Despite the unsettling experience, the woman said she intended to remain a participant in UK Biobank, viewing its research mission as genuinely important. However, she raised concerns about whether the organization had upheld its commitments. "They said they would hold our data securely," she noted. "I just feel as though that has to come into the equation."
UK Biobank Pushes Back on Privacy Concerns
UK Biobank has largely rejected the criticism, maintaining that no directly identifying information — such as names or addresses — is provided to researchers. In a statement, Professor Sir Rory Collins, the organization's chief executive, said there had never been any evidence of a Biobank participant being re-identified by outside parties.
The organization also argued that the re-identification scenario demonstrated by the Guardian was only possible because the volunteer had effectively provided key personal details. A spokesperson pointed to guidance the organization gives participants, warning them not to post health-related information publicly online, as doing so could theoretically allow their Biobank records to be cross-referenced.
"You have simply demonstrated why we tell participants not to do this," the spokesperson said.
Experts Warn the Approach Is Out of Step With Modern Reality
Privacy and data science experts have pushed back sharply against UK Biobank's position, arguing that it places an unreasonable burden on volunteers and fails to account for the realities of life in the digital age.
"Are these people aware that the internet exists?" said Professor Felix Ritchie, an economist at the University of the West of England. "The idea that they can rely on their volunteers never putting any other information out there about themselves is an entirely unreasonable thing to expect."
Dr. Luc Rocher, an associate professor at the Oxford Internet Institute who examined several of the leaked datasets, explained that stripping away obvious identifiers is rarely sufficient to guarantee true anonymity. Knowing only a person's birthday and the approximate date of a medical event — such as a broken bone — could be enough to identify them with a high degree of confidence, he warned.

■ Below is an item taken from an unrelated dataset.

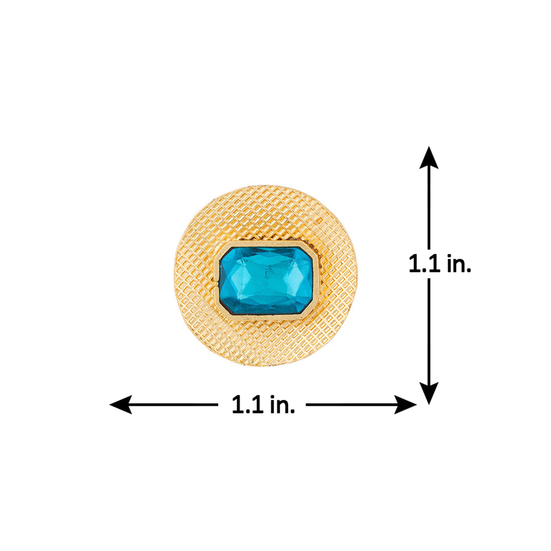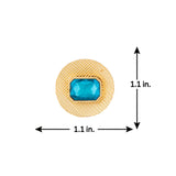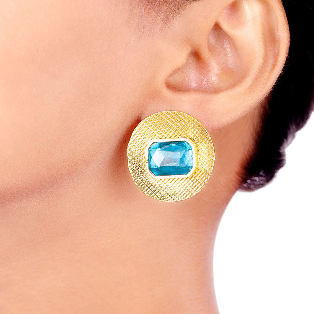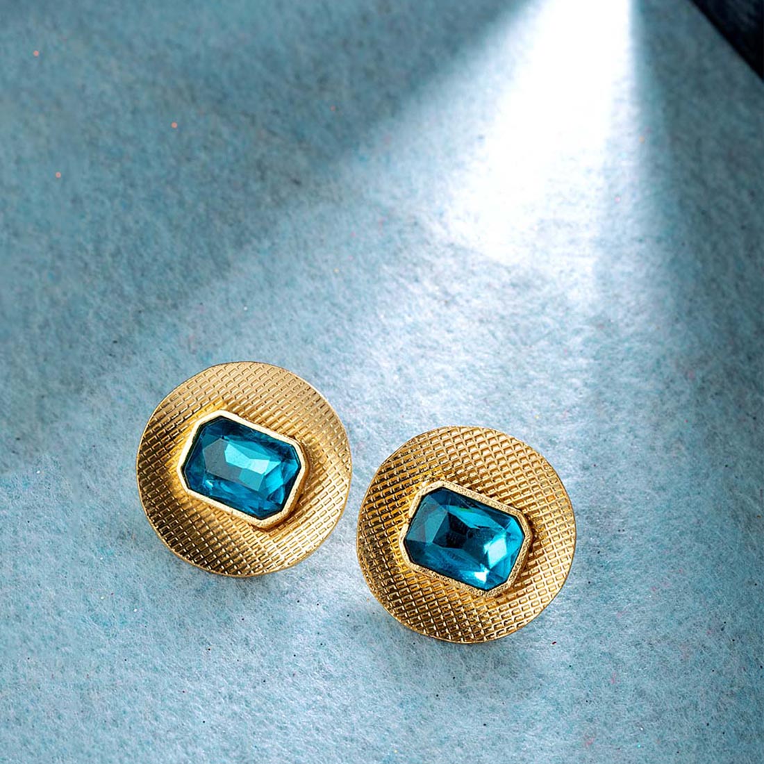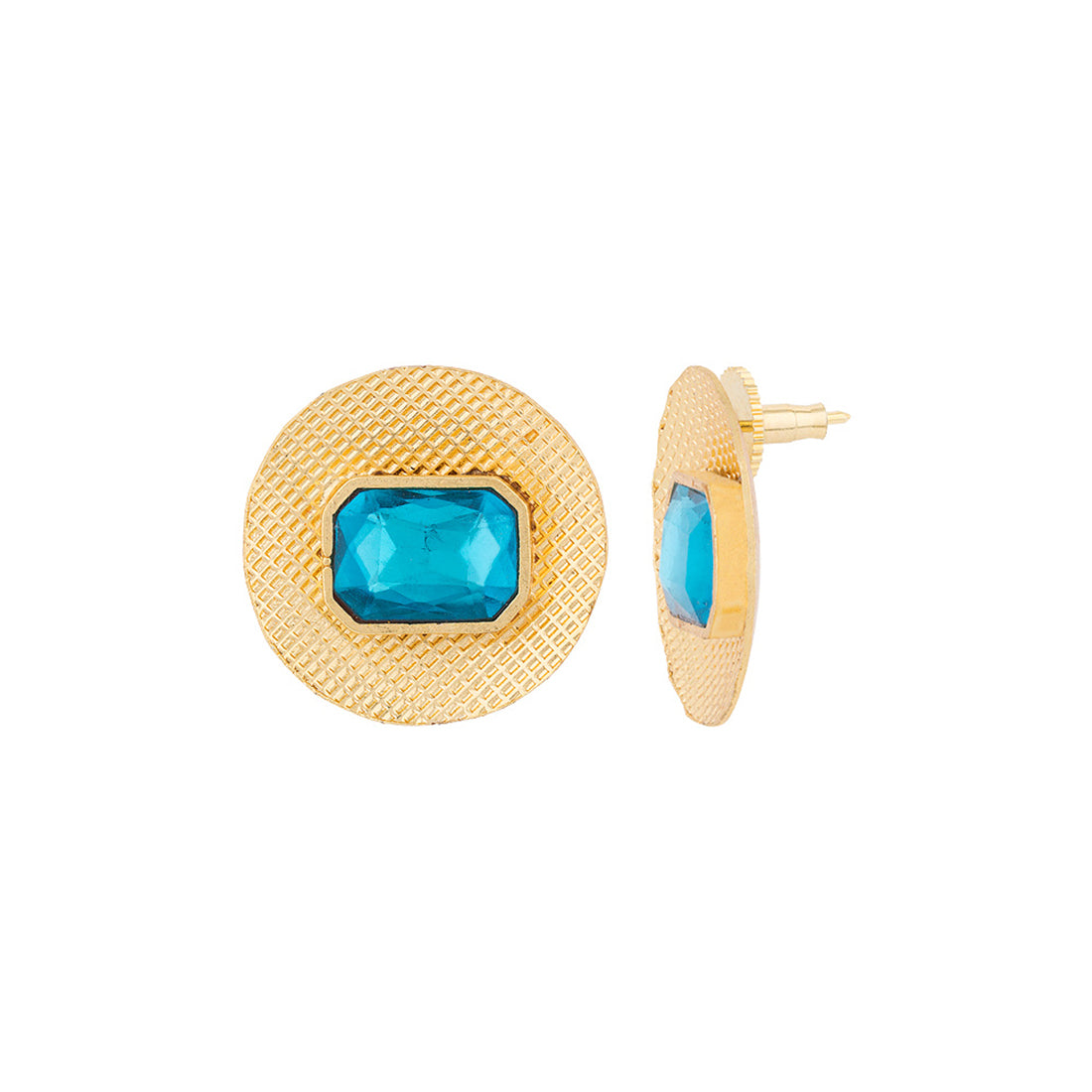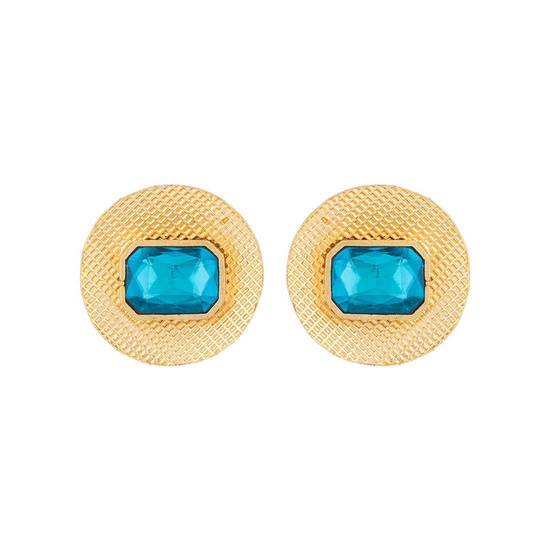 Look sharp in our Blue Amun disc shaped studs featuring sparkling blue stones on an etched golden base.

"Once identified, that record could reveal sensitive information such as a psychiatric diagnosis, an HIV test result, or a history of drug abuse," Dr. Rocher said.

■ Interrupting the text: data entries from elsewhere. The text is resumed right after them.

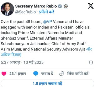 डोनाल्ड ट्रंप के अलावा अमेरिकी विदेश सचिव मार्को रुबियो ने भी सोशल मीडिया मंच एक्स पर लिखा. उन्होंने लिखा- अमेरिकी की विदेश मंत्री ने पिछले 48 घंटों में अमेरिकी उपराष्ट्रपति जेडी वेंस और मैंने प्रधानमंत्री नरेंद्र मोदी और शहबाज शरीफ, विदेश मंत्री सुब्रह्मण्यम जयशंकर, सेना प्रमुख असीम मुनीर और राष्ट्रीय सुरक्षा सलाहकार अजीत डोभाल और असीम मलिक सहित वरिष्ठ भारतीय और पाकिस्तानी अधिकारियों से बातचीत की है.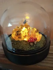 こちらでランプ類は一旦終了です😆 「炎の鉱石ランプ」の元の鉱石が自生(?)してるイメージ😄採掘される前…? 作ってすぐはレジンで作った鉱石とスノードームに穴を開け、鉱石と百均のろうそく風ライトをボンドで引っ付けただけだったんですが、なーんか面白くなく…。ジ◯リイメージで土やら苔や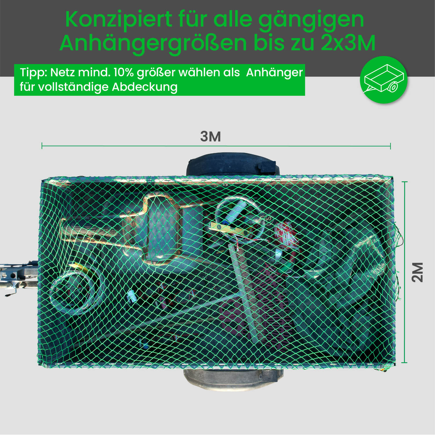 | Lieferumfang: | Anhängernetz, Gummiseil, Eckenmarkierung |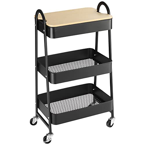 Chariot rangement acier MDF 3 niveaux avec poignées

Scale of the Problem Described as 'Shocking'
Professor Niels Peek, a data science and healthcare expert at the University of Cambridge, acknowledged that UK Biobank had taken the issue seriously and acted within reasonable expectations. Nevertheless, he described the overall scale of the problem as deeply troubling.
"If it had happened once or 10 times I'd probably say it's not great but zero risk is impossible," he said. "Hundreds. That's a little bit too much."
In his view, the situation highlights a fundamental tension at the heart of large-scale health research: the ambition to harness data for medical progress sits in uncomfortable conflict with the legal and ethical duty to safeguard individual privacy.
Questions Remain Over Whether Control Can Be Fully Restored
Experts have also raised doubts about whether UK Biobank can realistically recover full control over all the data that has already been exposed. Despite the removal of numerous repositories by both researchers and GitHub, some files were still reportedly accessible through an independent code archive website until shortly before the Guardian's investigation was published.
UK Biobank was founded in 2003 with backing from the Department of Health and several medical research charities. Until late 2024, approved researchers were permitted to download data directly onto their own computer systems. Last month, the government extended Biobank's data access rights to include volunteers' GP records — a development that may intensify scrutiny of how the organization manages data security going forward.